### Your assignment
With the pictures set aside, write out all of the data exactly as it stands.

### Provided entries
━━━━━━

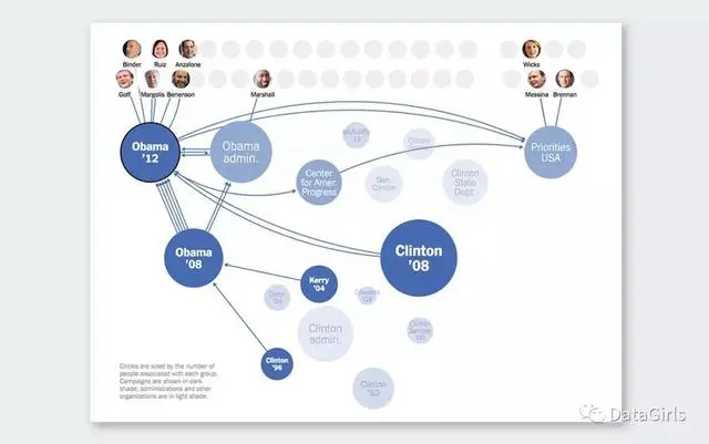 每张可视化包含几个不同大小的圆点,代表特定的竞选活动、行政管理或其他与候选人当前竞选有关的政府组织,然后由箭头连接。当悬停在某个特定的点上,团体之间的关系就被高亮出来。
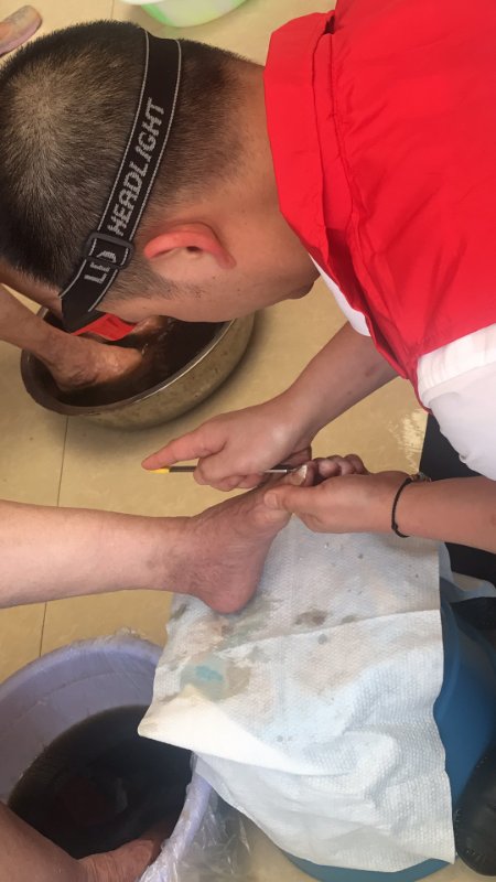 刚开始的时候,我和孩子心里都有一点点抵触的,以为早上4点多才下班8点多就要起来了,孩子本想在家耍游戏,也是被我硬拉来的。但是在看到第一位老奶奶的时候我的那种抵触就没有了!我感觉他们都特别需要,有些老人需要按摩修脚,有些需要梳头采耳,还有些需要语言的关怀,能为他们服务 我觉得比上钟赚钱更有意义!我给老人服务的时候就给孩子言传身教树立了好的榜样,年轻人就要这样对待老人。后来小孩子在我的影响下夜也主动参与给老奶奶老爷爷服务!老爷爷老奶奶都笑着夸孩子真乖,我听了心里特别高兴!大儿子还在跟我说回家还要给他的太爷爷太奶奶也洗洗脚!捶捶腿!
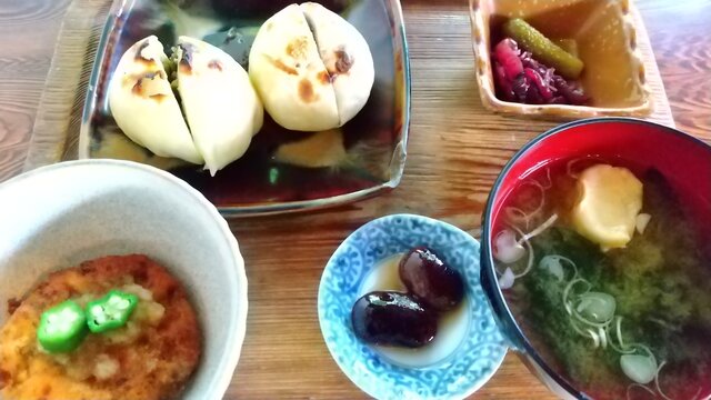 おやきとお味噌汁。
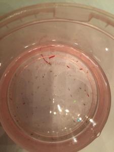 Da har jeg tatt en gjennomblåsing av systemet. Og er "nede" i 7 1/2 minutt igjen (gadd ikke flere tester).....Som vedlagte bilde antyder er det god grunn til å mistenke tett drivstoffilter (røde malingsflak fra flaska og bittesmå metallpartikler + anna grums)......og hvordan renser man så det?
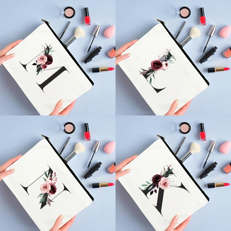 Женская косметичка с цветами и буквами, дорожная косметичка для мытья, органайзер, чехол для красоты, Лучшие идеи для подарка на выпускной, косметички
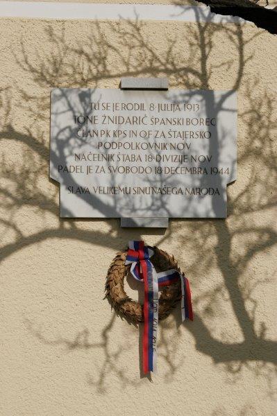 Spominska plošča na rojstni hiši Toneta Žnidariča (1913-1944) v Novi vasi pri Ptuju, ki je bil v letih 1942 in 1943 med organizatorji partizanstva na tem območju.

━━━━━━

### Answer space
 每张可视化包含几个不同大小的圆点,代表特定的竞选活动、行政管理或其他与候选人当前竞选有关的政府组织,然后由箭头连接。当悬停在某个特定的点上,团体之间的关系就被高亮出来。
 刚开始的时候,我和孩子心里都有一点点抵触的,以为早上4点多才下班8点多就要起来了,孩子本想在家耍游戏,也是被我硬拉来的。但是在看到第一位老奶奶的时候我的那种抵触就没有了!我感觉他们都特别需要,有些老人需要按摩修脚,有些需要梳头采耳,还有些需要语言的关怀,能为他们服务 我觉得比上钟赚钱更有意义!我给老人服务的时候就给孩子言传身教树立了好的榜样,年轻人就要这样对待老人。后来小孩子在我的影响下夜也主动参与给老奶奶老爷爷服务!老爷爷老奶奶都笑着夸孩子真乖,我听了心里特别高兴!大儿子还在跟我说回家还要给他的太爷爷太奶奶也洗洗脚!捶捶腿!
 おやきとお味噌汁。
 Da har jeg tatt en gjennomblåsing av systemet. Og er "nede" i 7 1/2 minutt igjen (gadd ikke flere tester).....Som vedlagte bilde antyder er det god grunn til å mistenke tett drivstoffilter (røde malingsflak fra flaska og bittesmå metallpartikler + anna grums)......og hvordan renser man så det?
 Женская косметичка с цветами и буквами, дорожная косметичка для мытья, органайзер, чехол для красоты, Лучшие идеи для подарка на выпускной, косметички
 Spominska plošča na rojstni hiši Toneta Žnidariča (1913-1944) v Novi vasi pri Ptuju, ki je bil v letih 1942 in 1943 med organizatorji partizanstva na tem območju.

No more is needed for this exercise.